This Saturday, March 23

6:00 - 9:30 p.m.

Community Hall

57 Desert Road, Freeport

The Tuition Support Auction is THIS Saturday March 23 – have you:
• Bought cash raffle tickets? They were mailed to your home, or available in all offices.
• Sent in your RSVP? Discounted tickets available if you cannot afford the entry fee.
• Called a friend (from outside Merriconeag) to come as your free guest?
• Arranged for a sitter? IF having free baby-sitting is the only way you can come to the auction, click this link.
• Signed up to work a shift the night of the Auction? Click here. The auction can’t run smoothly without your help. There are still quite a few spots to fill!

Click here for a PDF of the Auction Catalog!

Bring in the Goods: All items (except perishables) for the Silent Auction should be brought to the Farmhouse as soon as possible, no later than Friday morning.

Not sure if you want to come? Have you heard about the skits in the variety show? You won’t want to miss the faculty and parent – these are once in a lifetime debuts (or possibly the only time they’ll ever do it!)

New this Year! Here is a sneak preview into Merri-Happenings (get-togethers, outings, parties, events that bring our community together!). You can sign up for these Merri-Happenings the night of the Auction: each one has a set date, so check your calendars now and make plans with your families and friends! You do not “bid” on these, just sign up and you’re in!
• Full Day Sail and gourmet picnic lunch on the Karamanoglu’s 58-foot catamaran – Saturday, July 13, 9am-4pm
• Gingerbread Decorating Party for kids hosted by Susan Caron and Lynne Espy – Tuesday after school (3pm), Dec. 3
• Ohio Party – hosted by native Ohioans (there are lots of them here!), serving good Ohio fare, bluegrass music and scrabble. Saturday June 15, evening.
• Lobster Bake hosted by Bart and Ilse Haag – classic Maine lobster bake for families on the beach in Yarmouth – Sat. Aug 3, beginning at 1pm
• Summer Shore Picnic for families – a beach day for families hosted by Katie and Chuck Martin, serving a lobster lunch and lots of fun –Sat. July 27, 11-3
• Mini-Golf/ Disc-Golf outing for kids in grades 6-8 – a tour of at least two mini-golf courses with Games Enthusiast Adrian Bossi. Date to be arranged with the group.

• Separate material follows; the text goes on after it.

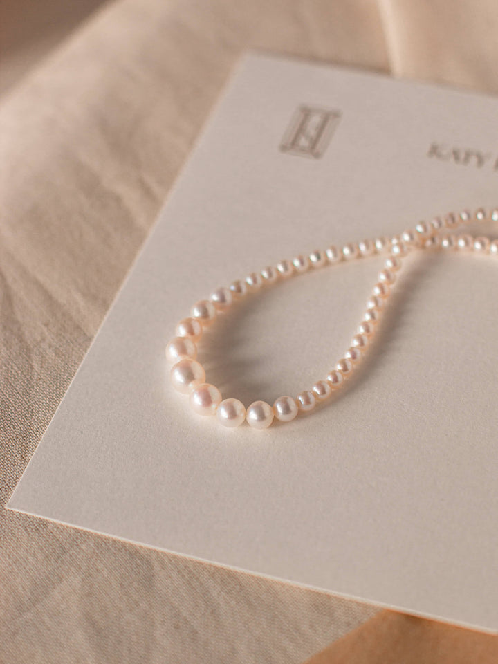 The Isabelle Pearl Necklace by Katy Faye is a sophisticated and timeless piece. Crafted with exquisite freshwater pearls in an elegant gradient design, this necklace is unlike any other. It’s a perfect gift or a special treat for oneself, packaged in a beautiful, reusable, and plastic-free box. This hypoallergenic necklace is a statement of classic beauty and modern elegance, perfect for both everyday wear and special occasions.

Back by popular demand - Buy a Chance for a week at a House in Provence: again this year Brooks and Susan Stoddard have kindly offered their house in Provence which can be won with a “house raffle ticket”. These will be sold this week in the office or at the auction, until 8:30 pm. House raffle tickets, like the cash raffle tickets, cost $25 each or 5 for $100.

Submitted by Lynne Espy for the wonderful Auction Team
865-3900 Ext. 116, developmentcoordinator@merriconeag.org

 

 

Upcoming Events

You don't want to miss this! Help spread the word...

Can Money Heal the Planet?

Re-imagining the Role of Money in Community
A  Public Talk by John Bloom

Wednesday, April 3, 7:00 p.m.
57 Desert Road, Freeport

The growing field of social finance provides an alternative view of what money is all about and many groups such as Slow Money, Buy Local, and CSAs are already making a difference in the health of our communities. John Bloom will speak about how our individual and organizational financial choices can build meaningful human relationships and community and help transform the way the world works with money.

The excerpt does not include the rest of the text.